My wife just received a letter from BYU stating that, starting in 2006, BYU will no longer accept VISA for tuition, fees, insurance premiums, and loans. American Express, Discover, and MasterCard usage will now require a 2.75 percent service charge. In true Mormon superlative speech, let me just say that this is the dumbest thing in the world.
The letter explains that the University and “its sponsoring Church” will save more than $1 million annually. The letter also suggests that families using credit cards to finance tuition costs should contact the University for other less-costly options. And then, get this, the letter says, “In addition to the significant cost savings, BYU is now able to provide a free electronic check option and a number of enhanced features making internet payments safer and more convenient.”
So let me get this straight, something that wasn’t free in the past is free now because a bunch of money isn’t being spent somewhere else. So wait, how much is the Church saving again? Surely not all of the “more than $1 million” if it is only because of this savings that some other undefined expense is now free to all students. And how exactly can these new services be “in addition to” rather than “because of” cost savings? Hmm…
I have three reasons why I think this is a bad idea, some potentially specific to me and others more universal:
1) As the world moves toward flexibility and convenience with money (in a good way is what I mean, not in the overused-in-General-Conference bad way), BYU decides to be less accommodating to its students while hiding behind “Church savings.” From a business standpoint, this can be a big faux pas. If, as a company or organization, you need to save money, you have big problems if the not-accepting-credit-card-payments option is what you come up with. It’s just better for a price increase to happen with value and/or services staying the same (or improving) rather than the price staying the same and value and/or services being taken away. You can almost always raise prices. But don’t mess with taking away something a consumer has already valued! BYU has chosen the first option every year anyway, so why the sudden change? Speculation time: Is there a bigger message? Are credit cards evil? Should we destroy the fire that we can’t control?

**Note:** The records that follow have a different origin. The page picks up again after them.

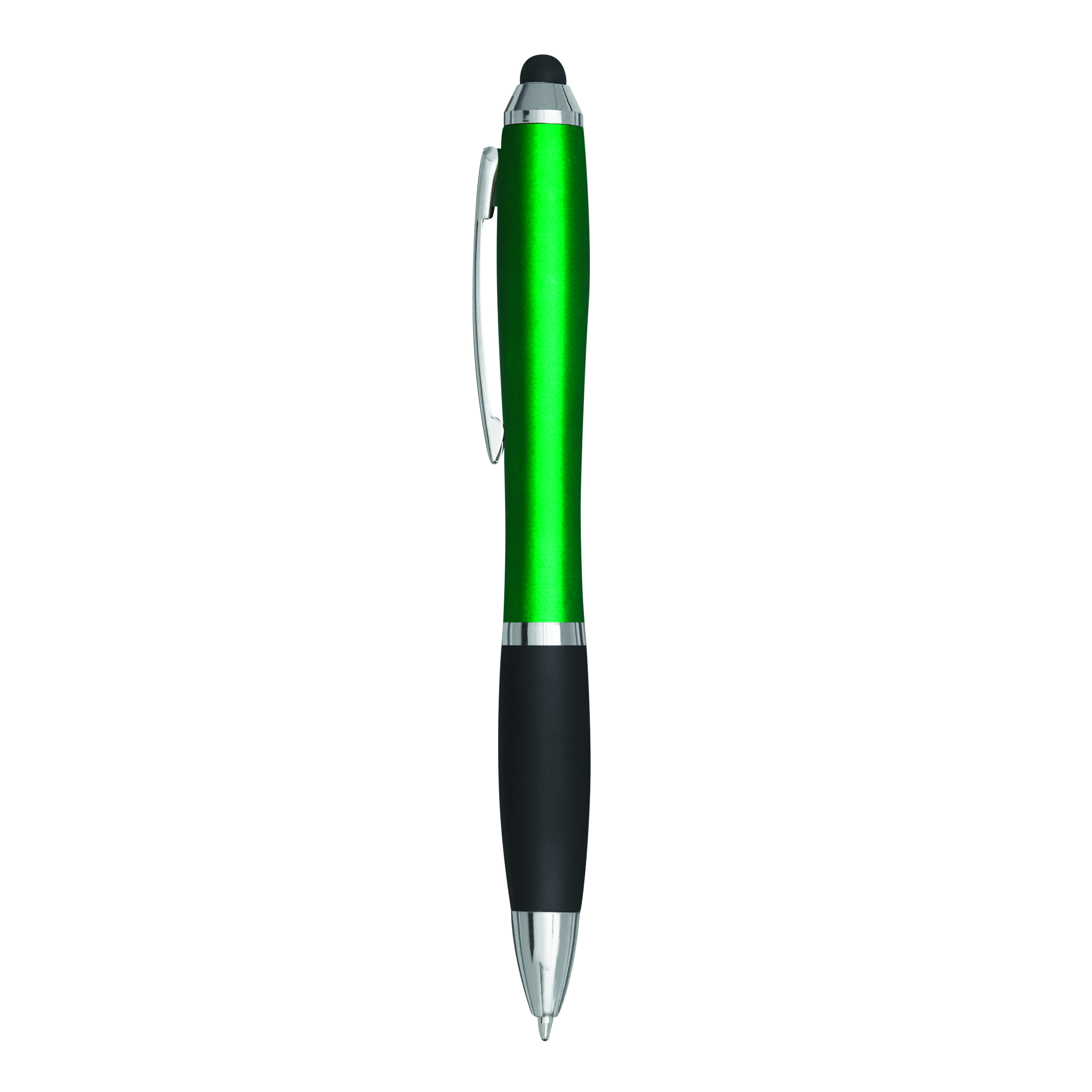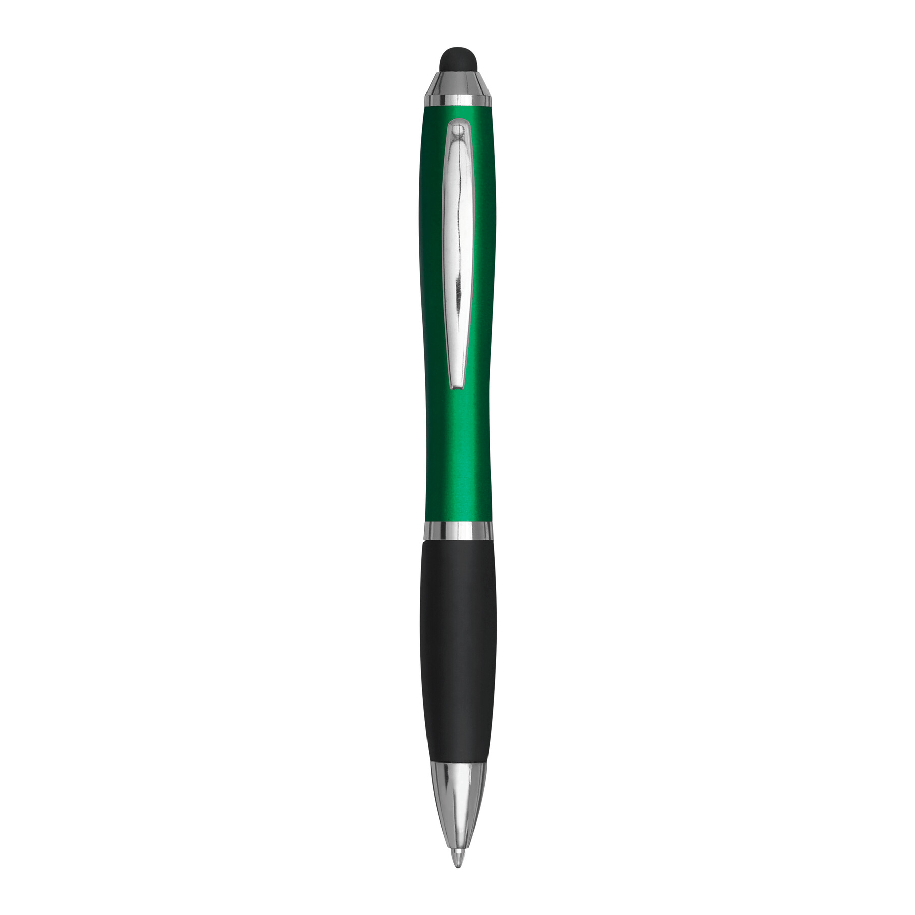 Długopis SWAY TOUCH z profilowanym korpusem, mechanizmem rotacyjnym, uchwytem pokrytym gumą i końcówką do ekranu dotykowego, z możliwością wymiany wkładu, tusz niebieski.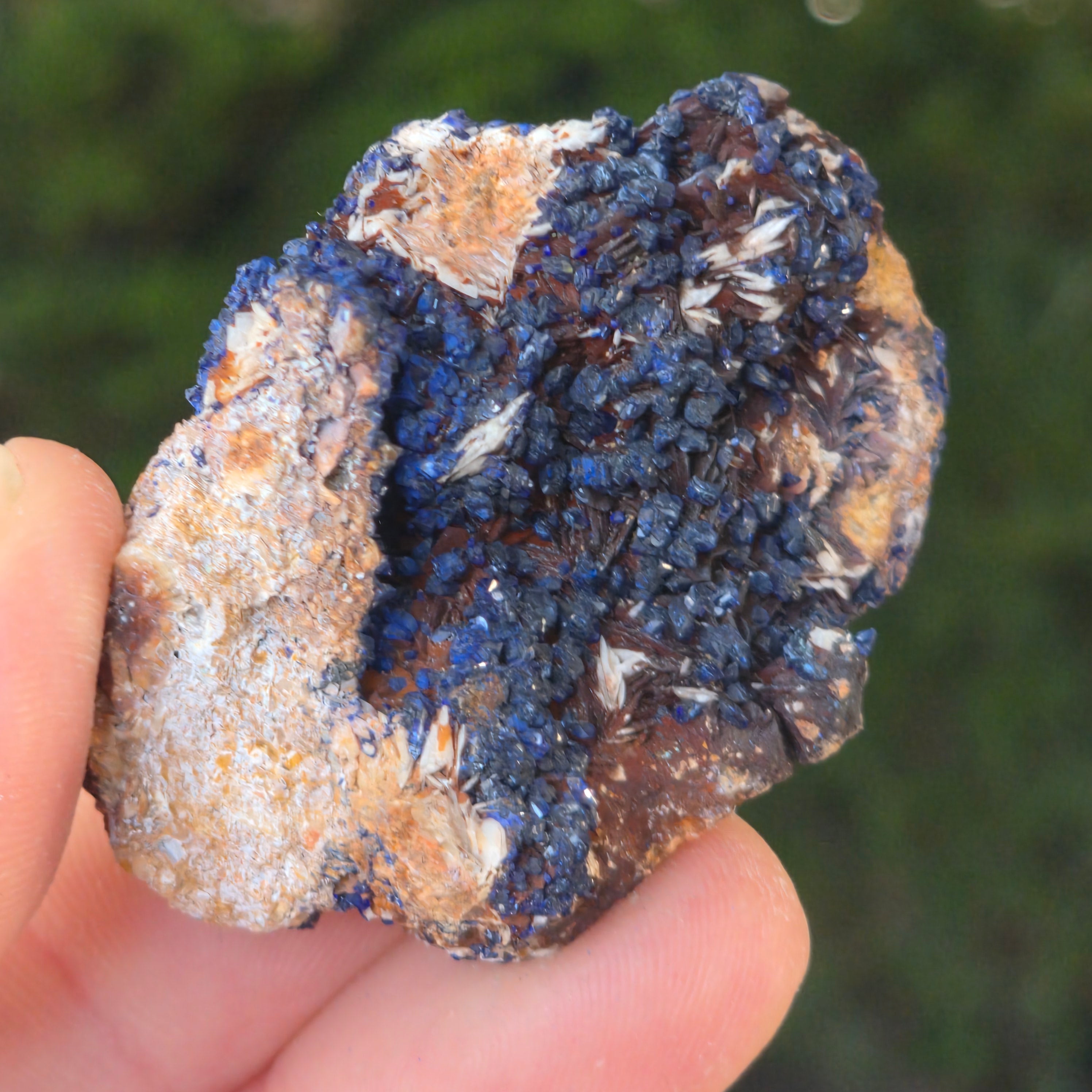Azuritul se formează în principal în zonele de oxidare ale depozitelor de cupru. Procesul de formare implică interacțiunea apei subterane bogate în carbonat cu minereurile de cupru, rezultând în cristalizarea azuritului în fracturile și golurile rocilor. Adesea, azuritul este asociat cu malachitul, o altă minerală de cupru, care are o culoare verde intensă. Cele două minerale se formează în condiții similare și, uneori, se găsesc împreună sub formă de pietre de azurit-malachit.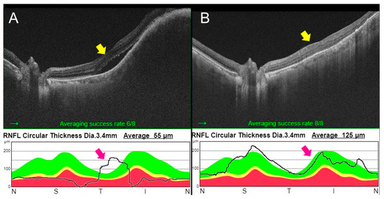 Optical coherence tomography (OCT) of left eye in Case 2 before and at one month after selpercatinib treatment; Image (A), before treatment; Image (B), after treatment; thickening of choroidal layers with irregular anterior surface is a typical feature of choroidal metastasis at OCT. It is well observed in (A) (yellow arrow) but not observed in (B). The thickness of each layer was out of normal range before treatment. It was improved after treatment (purple arrow, the black line).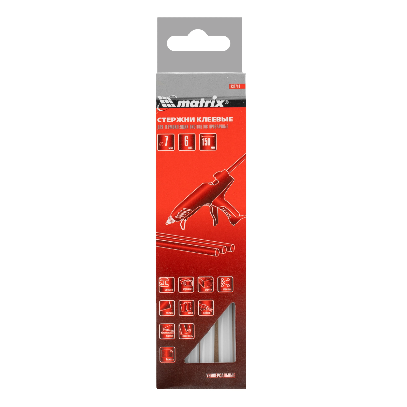 ПроизводителиСтержни для клеевых пистолетов, прозрачные, 7мм х 150 мм, 6шт. (930710) MATRIX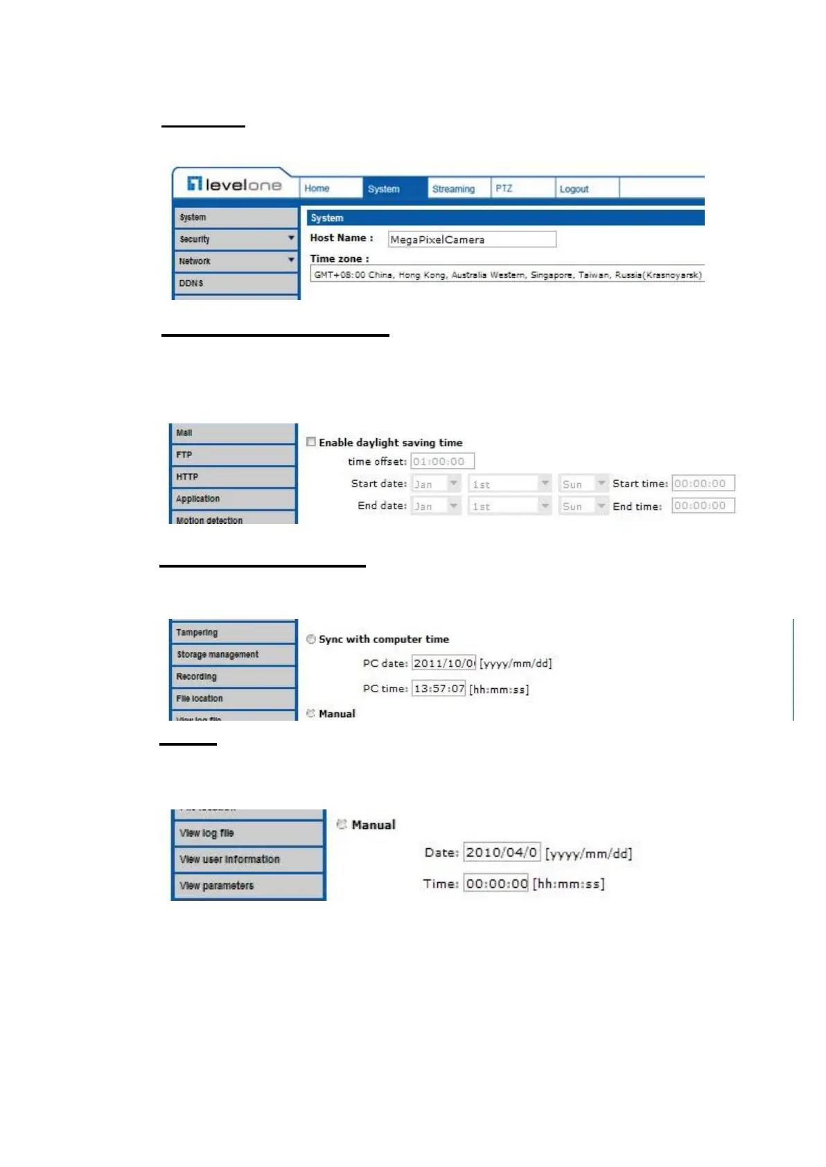 The Administrator can set video date, time and day manually. Entry format

2) I have flown to Eastern Europe a couple of times free of charge because of airline points which I have earned via credit cards. Many of these points have come from tuition payments charged throughout the past few years (none of which accrued any interest, why is it that any talk of credit cards is followed by interest and poorly chosen financing? Am I the only one who uses credit cards for practically everything while paying no interest?). I know this is probably my weakest point, but I was seriously looking forward to the Hilton points we were going to earn in January from my wife’s last semester tuition (we’re so close to the week-free package in Hawaii).
3) While the above is a perk that I and many others could live without, a more serious issue not addressed in the letter was that of tuition reimbursements. I’m talking of employer sponsored programs, which help finance many students’ education. I, for one, have worked for an employer for the past five years that has given me $1,500 toward tuition twice a year. The reason BYU’s change is a problem is because, as the name implies, a reimbursement comes after a payment. So students who need to make a payment before receiving a reimbursement will have to pay the 2.75 percent charge or somehow come up with thousands of dollars in their checking account temporarily.
While I’m all for the Church saving money, if we were to have a post called “The Top Ten Ways The Church Could Save Money,” would this change make the list? Not in my book.